Barracuda watching in PNG

from the February, 1998 issue of Undercurrent   Subscribe Now

Dear Fellow Diver,

I've learned how to get great diving, save the planet, and, at tax time, deduct everything from the cost of airfare to airfills. Here is my tale, albeit a cautionary one.

Having made several enjoyable diving trips with Earthwatch, I leaped at the chance to join a new project in Papua New Guinea to study barracuda. Earthwatch, based in Watertown, MA, is the largest of many research organizations in which volunteers can participate in the collection of scientific data. You pay your way, but in return you get the satisfaction of functioning as a scientific assistant, experiencing the milieu in which the project is undertaken and deducting all your expenses from your federal and state taxes. You see, this qualifies as a legitimate contribution to a nonprofit, 501 c3 organization, as defined by the Internal Revenue Service.

As anyone familiar with institutionally financed research might guess, living conditions are usually on the primitive side. In PNG, on the picturesque shores of Madang Lagoon, sits the Christensen Research Institute, a collection of buildings with a lab, study facilities, housing units and a large community room/kitchen. The saving grace is that the Institute is next to the lovely Jais Aban diving resort, originally owned by the Christensen family who established the institute "to increase Papua New Guinea knowledge of natural resources."
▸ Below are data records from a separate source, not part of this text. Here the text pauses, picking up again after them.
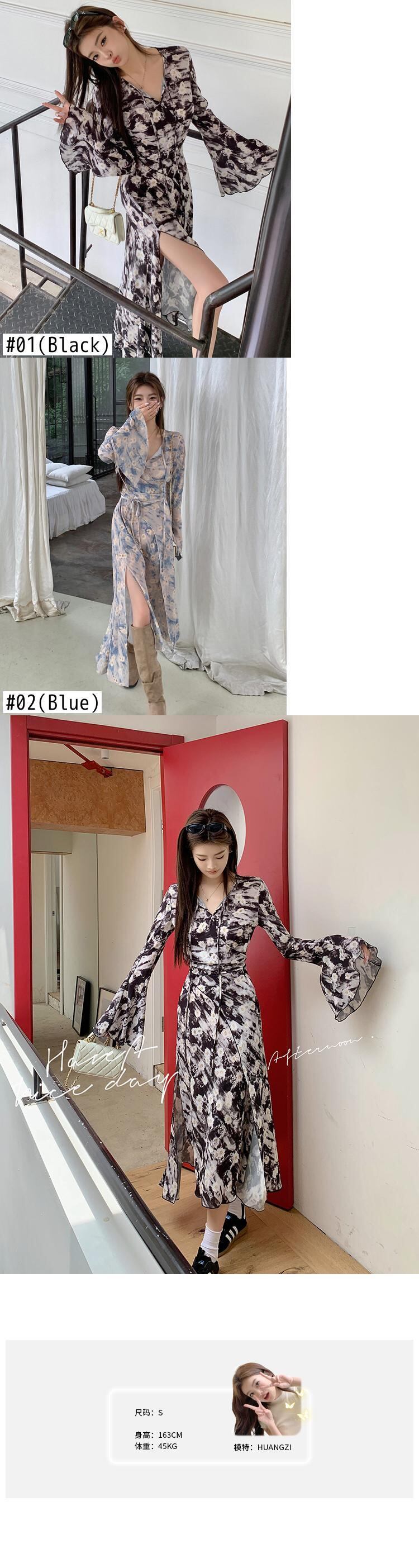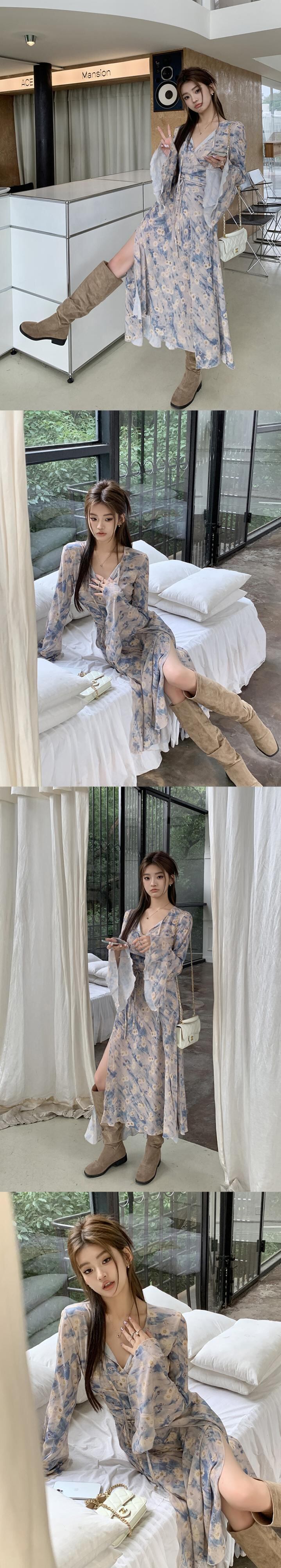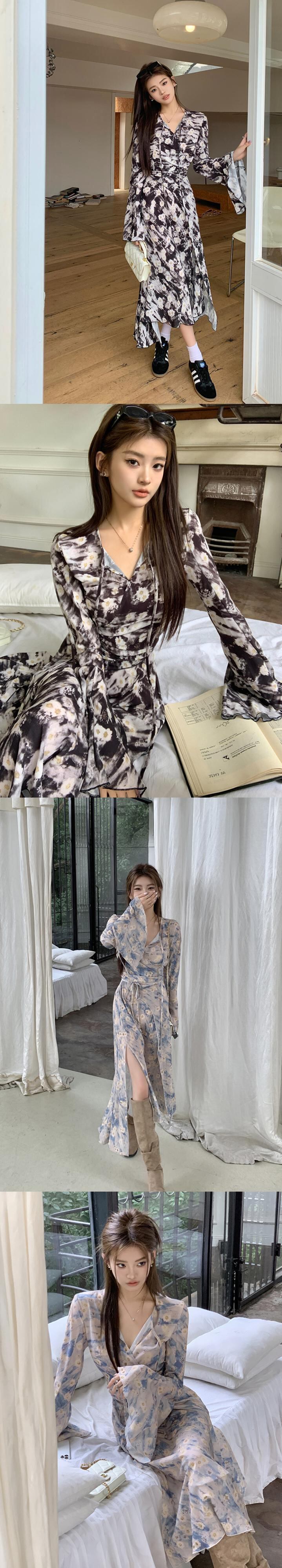 春秋甘いフラワープリントミディドレスフレアスリーブレースアップ不規則スプリットドレス自由奔放生きるフレンチレトロ 大人ガーリー スウィート キュート カジュアル スプリング 春物 オータム 秋物 フラワーデザイン | aliel
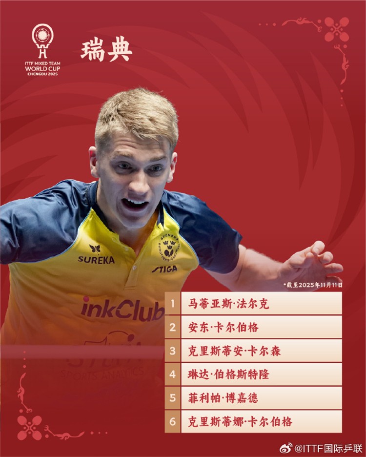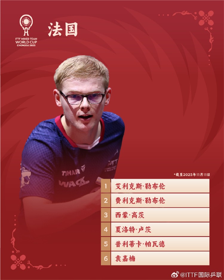 11月12日,國際乒聯(lián)公布了2025乒乓球混合團(tuán)體世界盃的參賽名單。本屆賽事冠軍隊(duì)伍積分升至2500分。中國隊(duì)的參賽陣容為:王楚欽、林詩棟、梁靖崑、徐瑛彬、孫穎莎、王曼昱、王藝迪、蒯曼。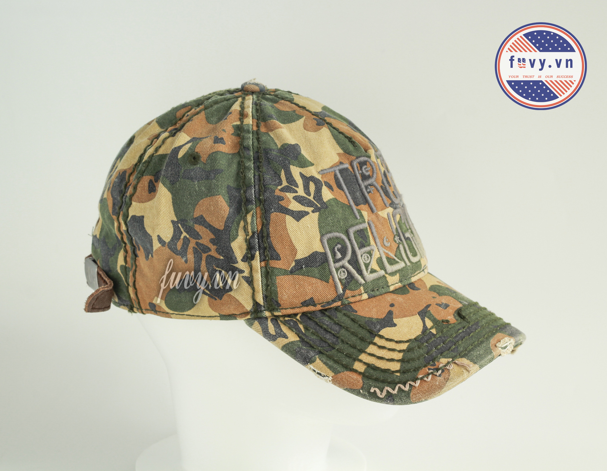 - Nón True Religion cổ phối màu rằn ri rất độc, hãng đã ngưng sản xuất từ lâu. Chất liệu cotton dầy dặn, đường chỉ dập tinh tế. Nón có quai da tăng chỉnh, lót trán da, lòng sâu đội rất thoải mái. Fuvy.vn shop nón Ông Địa chính hãng giá tốt TPHCM.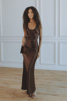 ELIZA SATIN MAXI SKIRT - CHOCOLATE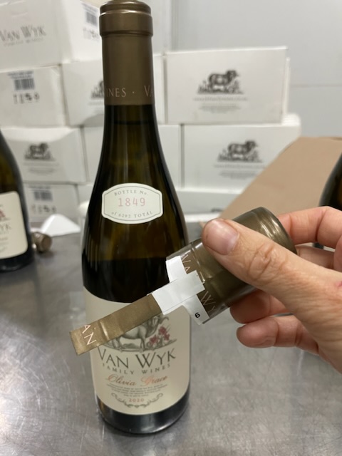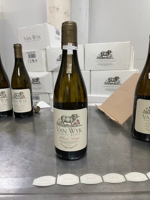 Als Nacken einer Flasche beschreibt man den Bereich des Übergangs des Flaschenbauchs zum Flaschenhals. Die VAN WYK FAMILY Weine haben ein zusätzliches Nackenetikett auf dem die Nummerierung der Flaschen festgehalten wird. Dieses Etikett muss von Hand aufgeklebt werden. Ich war am Montag froh um diese eher entspannte Aufgabe. Konnte ich im gekühlten Keller sitzen und war abgelenkt von meinem grummelnden Magen. Als dann kurz vor Mittag Martin und Stefan zu mir gestossen sind, gings dann natürlich wieder viel rascher. Stefan hebt die Flaschen aus den Boxen, ich etikettiere und Martin sortiert die etikettierten Flaschen wieder in die Boxen. Und so haben wir in dieser menschlichen Arbeitskette ganz rasch einige Flaschen nummeriert. Nach dem Mittag war ich froh heimgehen zu können und den heutigen Tag hab ich total ausgesetzt. Doch es geht mir jetzt wieder etwas besser. Justin war sogar so lieb und hat mir ein Medikament vorbeigebracht.

My partner and I had a large room with comfortable beds, a cold water basin and ample storage space; men and women had separate but equal bathrooms, with toilet and shower facilities. Jais Aben diving facilities were only a few steps from our room. We made periodic shopping trips into Madang for groceries so we could prepare individual meals in the community kitchen. Worldwide Diving, With an IRS SubsidyWhile liquor was forbidden in the Institute, it was a short walk to the Jais Aben bar and dining-room where, for example, local beer ran about $2/bottle.

Our team consisted of my partner and me (divers of many years' experience), an enthusiastic and vigorous 17-year-old (The Kid), and a middle-aged couple (The Husband and Wife) with limited experience with resort diving. We had come to help observe "Social Behavior of Sympatric Barracuda Species," and our diving duties were quite simple -- record all barracuda sightings, including the species, number, location, depth, etc. on plastic diving cuffs.

The project was directed by Shane Patterson, the Principal Investigator from the University of Georgia. A genial and delightful conversationalist, his leadership style was fluid, to say the least, so that he often seemed pervasively resistant to explicit planning and organization. We had to be prepared for sudden and unpredict- able changes of plans in ways that could be disconcerting and irritating, but ultimately possible to take in one's stride. After all, it was his research project. His goal is to get the maximum bang -- i.e., data -- for his limited bucks. While it would make sense for the PI to keep the volunteers happy with their lot, his major interest is his own research, rather than entertaining and cosseting of volunteers.

Bye Bye BC

Diving was from a 18-foot open skiff, back rolling into the water and, for egress, bouncing up the side of the boat. We were assisted into the boat by the divemaster, a bright, competent and experienced young American, Cliff Haugan, whose only possible flaw was a tendency not to suffer fools gladly.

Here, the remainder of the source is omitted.